Por Pablo Cabañas Díaz
La figura del escritor marginal atraviesa el continente americano como una grieta que no cierra. En México y Estados Unidos comparte la misma pulsión: rechazar el centro, escribir desde la borrachera, la calle, la pobreza voluntaria y convertir la propia derrota en literatura. No buscan redimir al marginado; lo exhiben sin maquillaje, porque ellos mismos son el marginado.
En México, la marginalidad literaria explota en dos momentos clave. Primero, la Literatura de la Onda (José Agustín, Gustavo Sáinz, Parménides García Saldaña) rompe con el lenguaje oficial y la novela “seria” de los cincuenta. Sus adolescentes hablan en caló, escuchan rock y odian a sus padres; son los hijos incómodos de la clase media que el milagro mexicano quiso ocultar. Después llega el infrarrealismo de Mario Santiago Papasquiaro y Roberto Bolaño: poesía escrita en cuadernos sucios, en departamentos sin luz de la colonia Guerrero, contra Octavio Paz y contra todo el establishment. Su lema podría ser el de Papasquiaro: “Escribir como si te fueran a matar mañana y nadie te fuera a leer nunca”.
Al norte, la tradición es más antigua y más mitificada. Los beats (Kerouac, Ginsberg, Burroughs) convierten la marginalidad en performance: viajes en autobús Greyhound, jazz, en tiempos de represión macartista.
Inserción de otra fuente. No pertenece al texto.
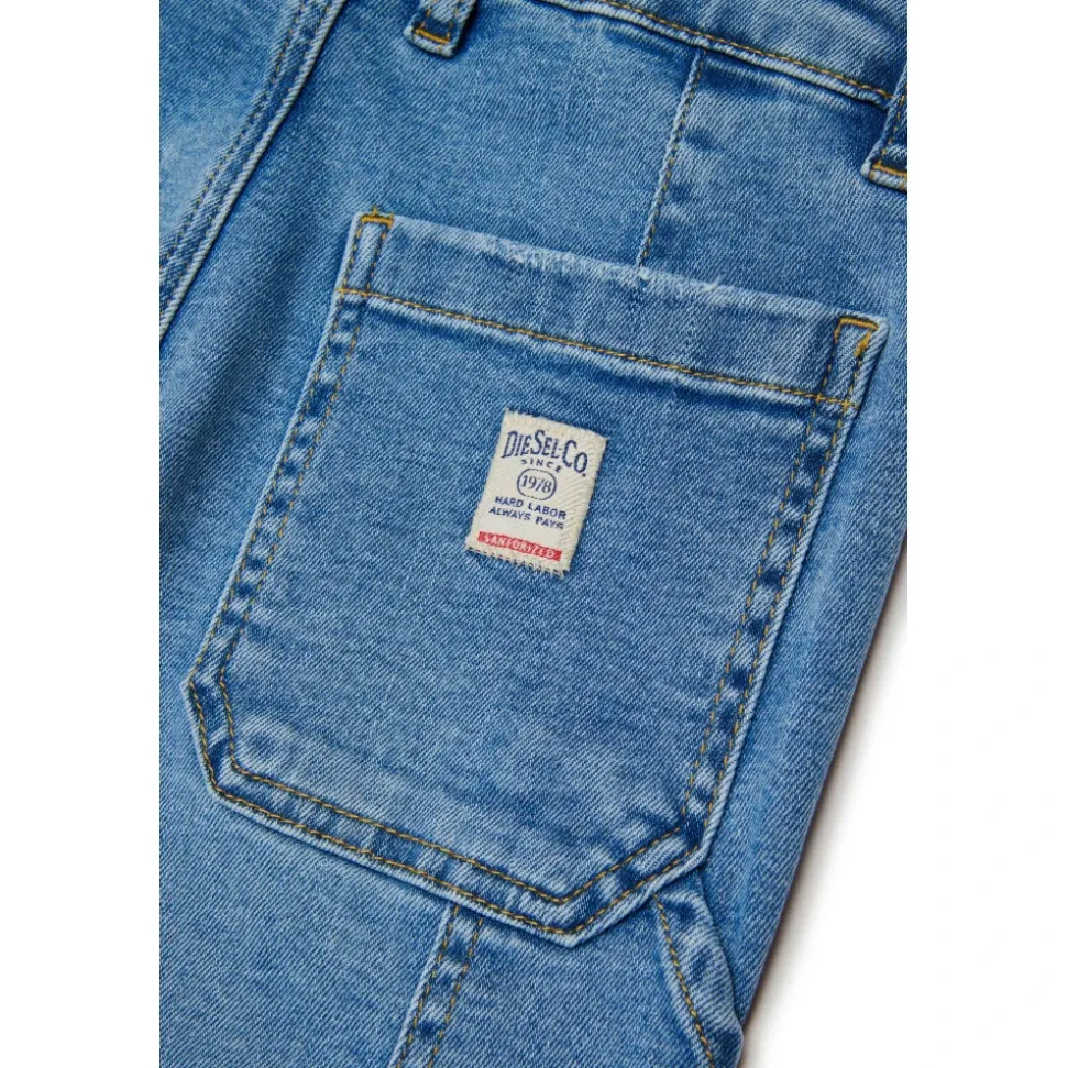 Diesel jeans med en mellemhøj, afslappet pasform og bred ben silhuet, detaljeret med cargo-lommer for praktisk hverdagsbrug. Vigtige egenskaber: Blå | Denim | Denim | Cargo-lommer | Dimensioner og pasform: Mellemhøj talje | Afslappet pasform | Brede ben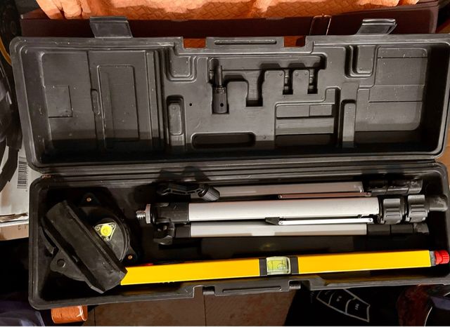 Detalles del productoNivel láser rotatorio Silverline en perfecto estado, listo para usar. Incluye un trípode de aluminio.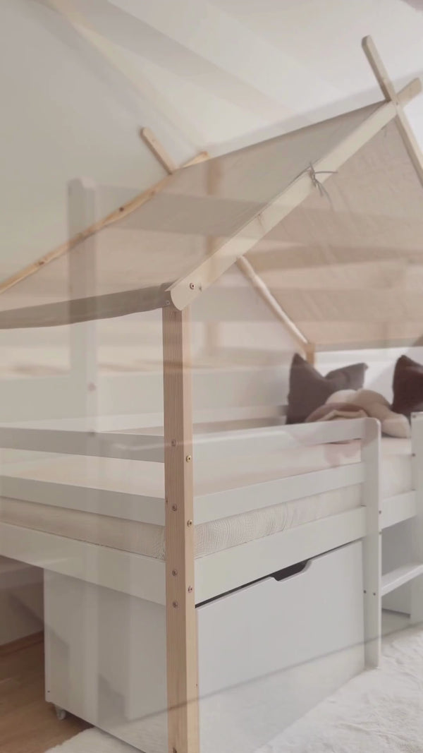 Ce lit en bois naturel crée un cocon chaleureux dans la chambre d’enfant grâce à sa forme de maisonnette. Le toit amovible à scratch, les deux tiroirs de rangement, l’échelle d’accès et la barrière de sécurité allient praticité et confort dans un design adapté à tous les styles.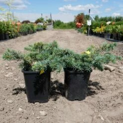 Pędy poukładane gęsto. Krótkie igły mają barwę niebieskozieloną.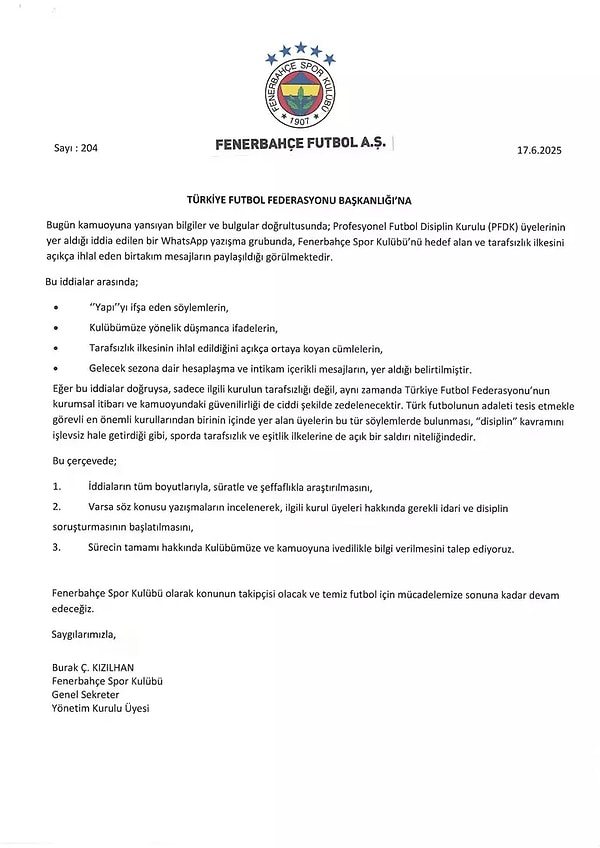 Fenerbahçe, Profesyonel Futbol Disiplin Kurulu (PFDK) üyelerine ilişkin olduğu öne sürülen WhatsApp yazışmalarının basına yansımasının akabinde harekete geçti. Sarı-Lacivertli kulüp, kelam konusu iletilerle ilgili Türkiye Futbol Federasyonu’na (TFF) resmi müracaatta bulunduğunu açıkladı. Yazışmalarda birtakım kulüp liderleri ve teknik yöneticilerle ilgili tarafsızlığa ters tabirler yer alması, sarı lacivertli toplulukta reaksiyon çekmişti. Fenerbahçe, bu gelişmenin ciddiyetle soruşturulması gerektiğini vurguladı.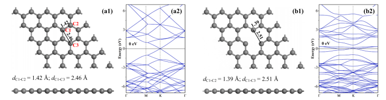 圖1. (a1)-(a2)原始石墨烯的構型和BS,以及(b1)-(b2)空位缺陷石墨烯的構型和BS。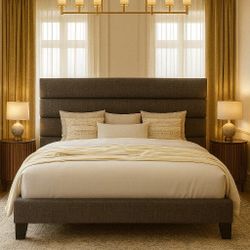 Full Bed Platform Bed Frame with Fabric Upholstered Headboard and Wooden Slats Support, Fully Upholstered Mattress Foundation/No Box Spring Needed/Ea$85Fontana, CA
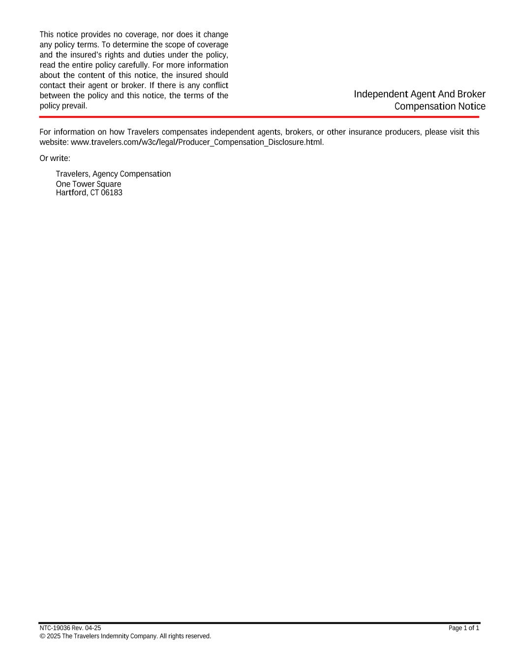 NTC-19036 Rev. 04-25 © 2025 The Travelers Indemnity Company. All rights reserved. Page 1 of 1 This notice provides no coverage, nor does it change any policy terms. To determine the scope of coverage and the insured’s rights and duties under the policy, read the entire policy carefully. For more information about the content of this notice, the insured should contact their agent or broker. If there is any conflict between the policy and this notice, the terms of the policy prevail. Independent Agent And Broker Compensation Notice For information on how Travelers compensates independent agents, brokers, or other insurance producers, please visit this website: www.travelers.com/w3c/legal/Producer_Compensation_Disclosure.html. Or write: Travelers, Agency Compensation One Tower Square Hartford, CT 06183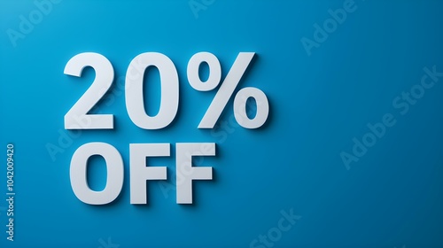 White '20% OFF' Promotional Sign on a Blue Background with Copy Space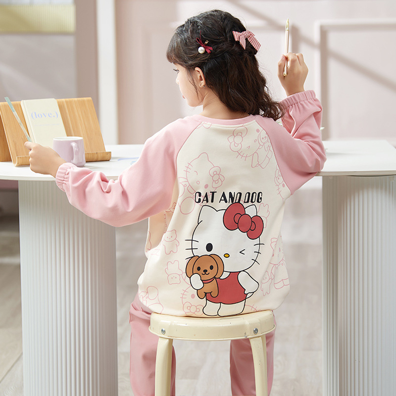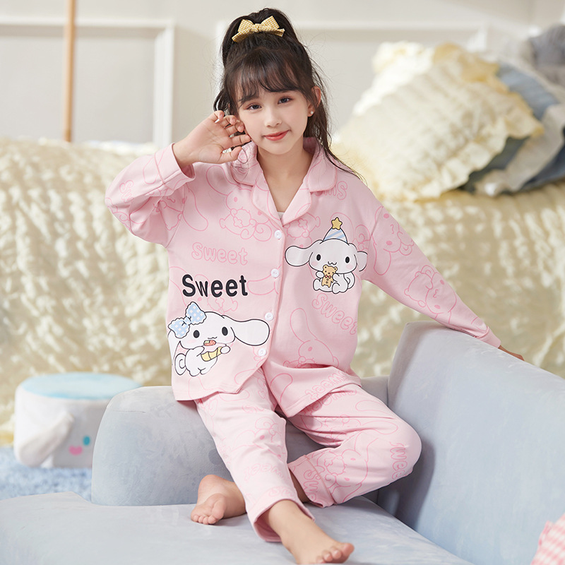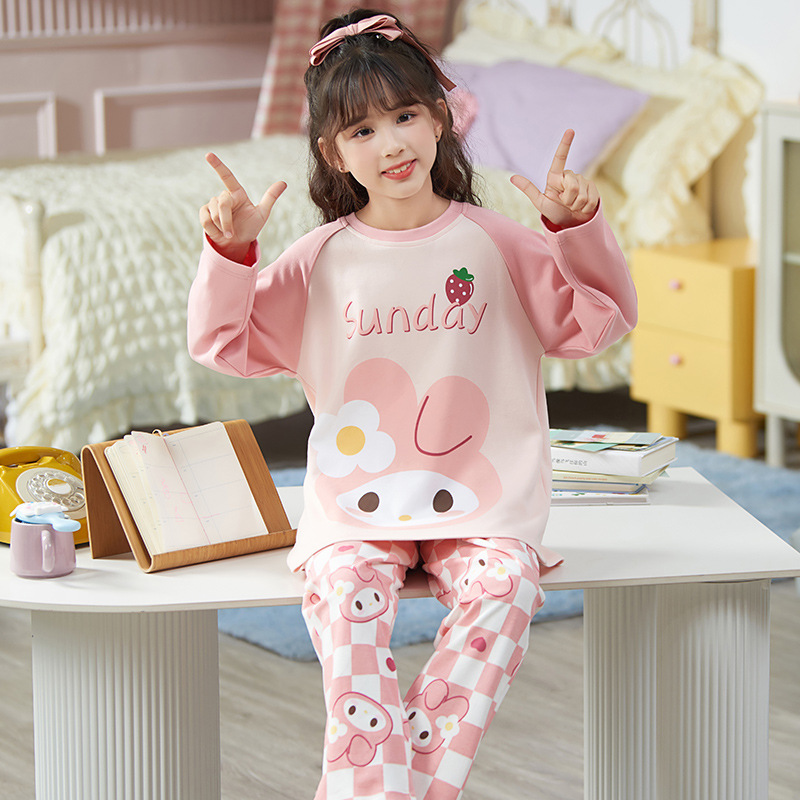 어린이 잠옷 소녀 봄과 가을 면 긴 소매 얇은 세트 소녀 공주 세련된 큰 어린이 가정 옷 새로운 스타일스토어 가기

Luego llega la segunda oleada: Charles Bukowski, el cartero alcohólico que escribe sobre prostitutas, apuestas perdidas y trabajos miserables en Los Ángeles; Jim Carroll cantando en los baños del CBGB; Hunter S. Thompson disparando metralletas en su rancho de Colorado.
Lo fascinante es que, separados por una frontera, comparten idénticos gestos: desprecio por la universidad, por las becas Guggenheim, por la “buena literatura”. Fadanelli en Ciudad de México y Bukowski en Los Ángeles podrían haberse encontrado en cualquier bar de mala muerte y reconocido al instante. Ambos escriben sobre perdedores que no buscan redención, sino seguir perdiendo con dignidad. Ambos saben que la marginalidad no es pose: es consecuencia de negarse a mentir.
Hoy, cuando la literatura parece condenada al bestseller o al posgrado en escritura creativa, los marginales siguen recordándonos que escribir también puede ser un acto de resistencia sucia, sin permiso ni patrocinio. Desde la frontera de Tijuana hasta los suburbios de Detroit, su mensaje es el mismo: la literatura verdadera no nace en las residencias, sino en las crudas, en la cárcel, en la colonia perdida donde nadie quiere vivir.